I realize, as I binge these newer episodes, that I am no longer watching for the drama. I am watching to see how they’ve aged. What’s shifted in their bodies, their faces, their confidence. This is not schadenfreude. I don’t take pleasure in this. It’s solidarity. It’s curiosity. It’s my own fear. There’s something tender, even brave, in how the show continues to portray them. Carrie gets hip surgery. Miranda faces alcoholism and a sexual identity crisis. Charlotte has to come to terms with her daughter’s gender identity. It’s messy and sometimes silly and sometimes very, very cringe. But at least it’s trying.


Meanwhile, I am here. No longer young or “in it.” I don’t go to parties. I don’t do bar crawls or go to gallery openings or wear heels to dinner. I barely wear mascara. My children are grown. My body is changing, and I know that I am not who I once was.

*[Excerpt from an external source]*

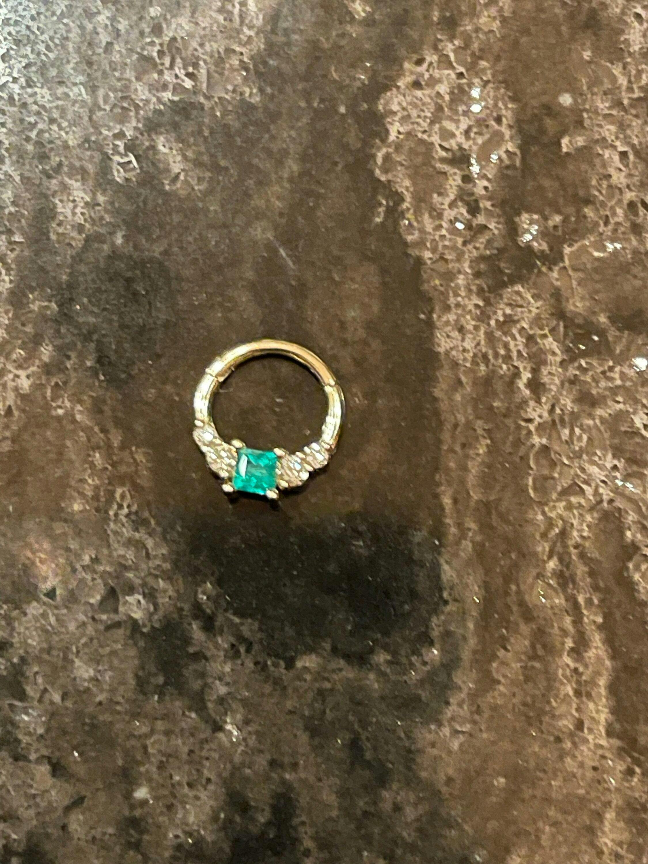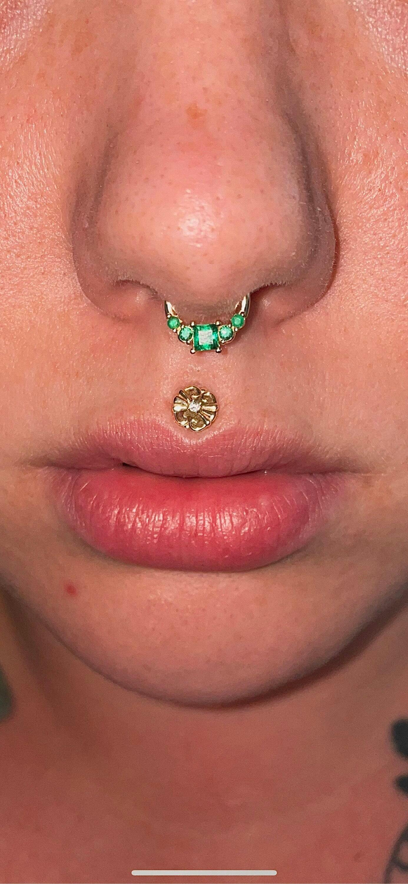 With its 14k gold construction, the emerald septum jewelry boasts a central rectangular emerald stone that is beautifully enhanced by sparkling white diamonds on either side.

Yet, every so often, I flip through old photos from that era. A Polaroid with a celebrity outside Bungalow 8. A table full of drinks and cigarettes at Beatrice Inn. A SoHo brunch at La Esquina in low-rise jeans. And I remember what it felt like to be 24, invincible, and under the illusion that life would always be like that.

The third season of And Just Like That… is out now, and I’m racing through the old episodes so I can be caught up. I don’t know why I rush. I have time now. Endless time, it sometimes seems. No one is waiting for me at an underground party. There are no velvet ropes. No bouncers I need to charm with the owner’s name. No 3 a.m. taxis I need to beg to take me to Brooklyn. Just me. Sans sex. Sans city.